Activity. A verbatim copy is needed of the lines below from the one containing "Zestaw prysznicowy podtynkowy" up to and including the one containing "CAPITALS 1 - potahová", excluding pictures.

=== Given data ===

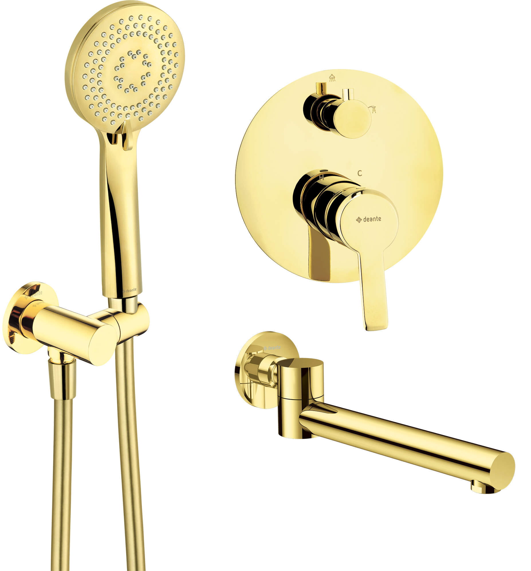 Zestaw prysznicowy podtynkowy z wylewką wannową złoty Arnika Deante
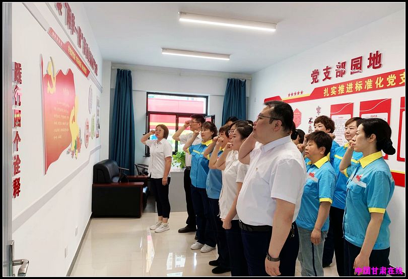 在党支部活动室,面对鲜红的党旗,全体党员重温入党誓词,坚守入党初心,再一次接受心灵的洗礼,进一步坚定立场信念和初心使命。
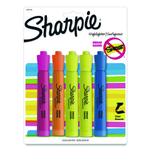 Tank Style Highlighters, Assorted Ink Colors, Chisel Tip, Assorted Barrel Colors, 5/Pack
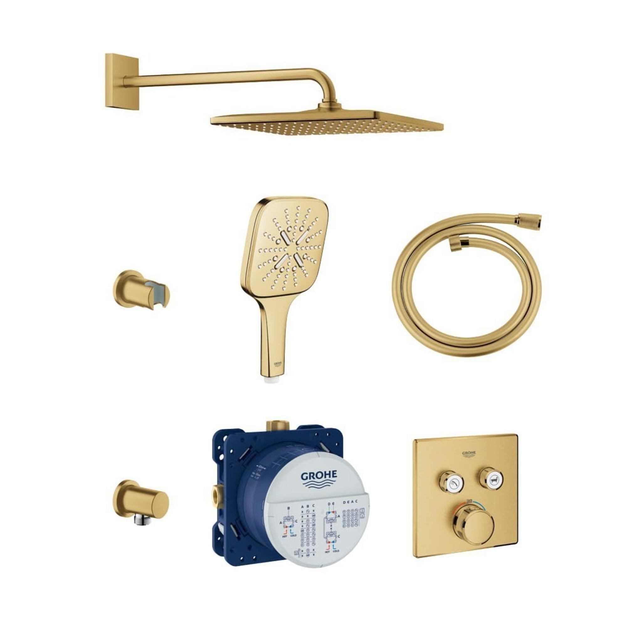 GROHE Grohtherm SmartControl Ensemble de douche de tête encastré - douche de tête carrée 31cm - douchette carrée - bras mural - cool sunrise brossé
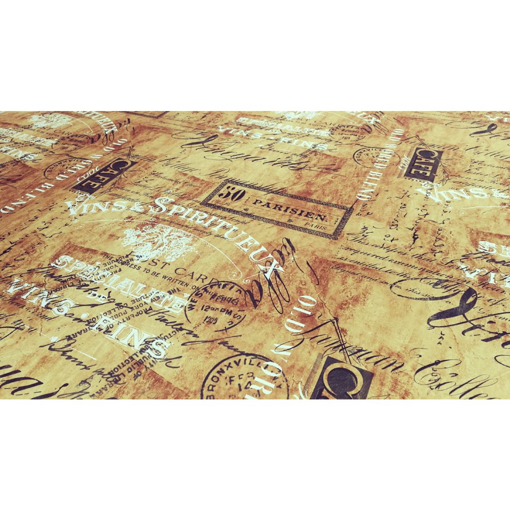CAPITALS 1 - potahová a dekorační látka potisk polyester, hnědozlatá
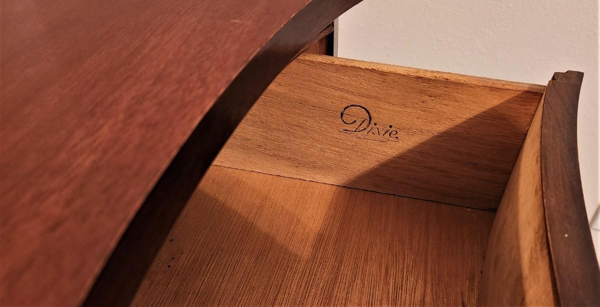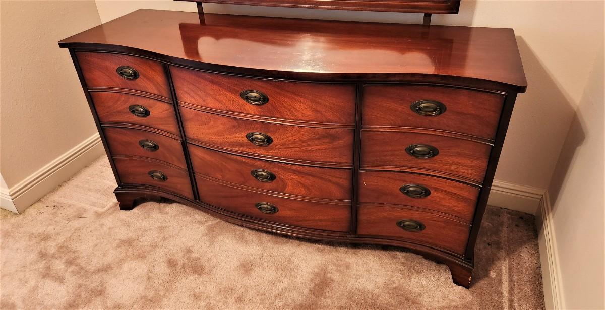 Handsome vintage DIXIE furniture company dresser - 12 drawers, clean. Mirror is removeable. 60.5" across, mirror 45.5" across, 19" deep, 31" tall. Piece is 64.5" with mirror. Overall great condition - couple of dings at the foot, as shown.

===
=== Given data ===

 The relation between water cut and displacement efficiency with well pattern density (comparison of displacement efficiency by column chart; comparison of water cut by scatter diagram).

===

Reply to the task.
 Zestaw prysznicowy podtynkowy z wylewką wannową złoty Arnika Deante
 在党支部活动室,面对鲜红的党旗,全体党员重温入党誓词,坚守入党初心,再一次接受心灵的洗礼,进一步坚定立场信念和初心使命。
 Tank Style Highlighters, Assorted Ink Colors, Chisel Tip, Assorted Barrel Colors, 5/Pack
 GROHE Grohtherm SmartControl Ensemble de douche de tête encastré - douche de tête carrée 31cm - douchette carrée - bras mural - cool sunrise brossé
CAPITALS 1 - potahová a dekorační látka potisk polyester, hnědozlatá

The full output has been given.